Just in terms of your pride, this is not going to go down easy. That's why you're such a prick about it all the time. You just can't believe there's something you don't understand properly. Well, believe it. A lot of people have misunderstood this stuff over the last century and you won't be the last either. I remember being baffled and getting angry and thinking those other guys were talking crazy nonsense. But then Paul Turner helped me out and then I went back to school. It took work and time but I did change my mind about what this stuff meant and now there is a whole range of material that I can read with almost total comprehension, stuff that would have made no sense to me otherwise. I mean, I know what you're doing because I did it too. Been there, done that, you know?
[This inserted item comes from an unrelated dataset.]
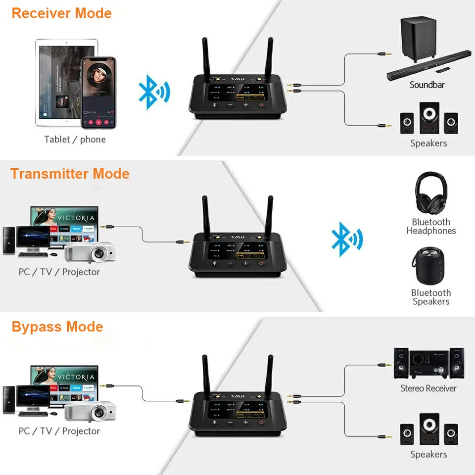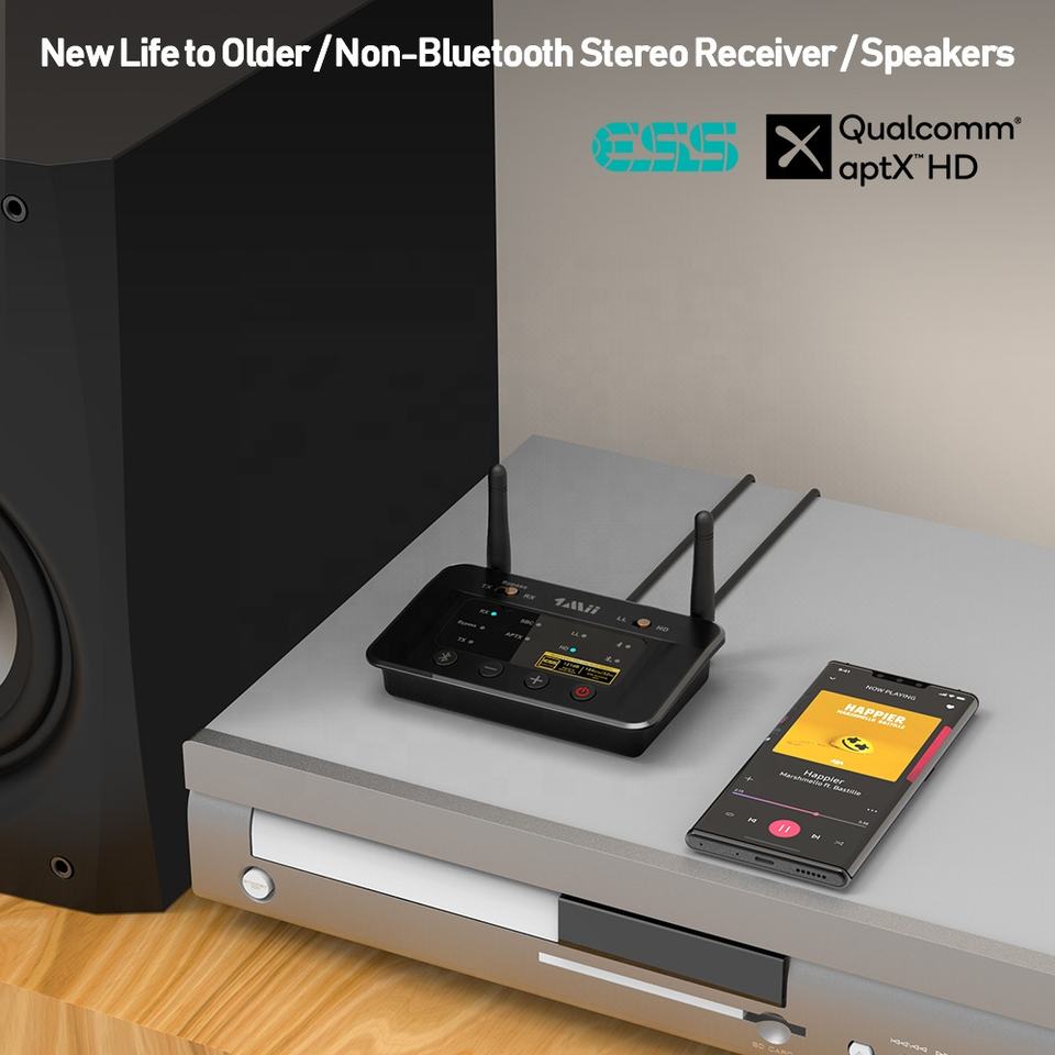1Mii DAC AUDIO HIFI เครื่องส่งและตัวรับสัญญาณไร้สายพร้อม aptX-lm/hd 3 in 1 TX + RX + โหมดบายพาสอะแดปเตอร์เสียงบลูทูธสำหรับทีวี

Maybe you could just do a fake it til you make it kind of thing. Tell yourself that you're gonna pretend, just for the sake of argument, that I actually know what I'm saying when I talk about this stuff. It's not that crazy of an idea, you know? I know it offends you, but Pirsig is not the only one who thinks I get this stuff. The author of the Guidebook to ZAMM, the guy who teaches pragmatism of my university and the director of the graduate program are all on my thesis committee and they've not only signed off, they're all pretty psyched about it. I think its just unrealistic that they could all be wrong where you are right. I mean, this pretended trust doesn't take a huge leap of faith. It would only take a decent respect for the opinions of people who are in a position to have an opinion. On top of that, nasty just isn't working. Not unless your aim is to be disliked.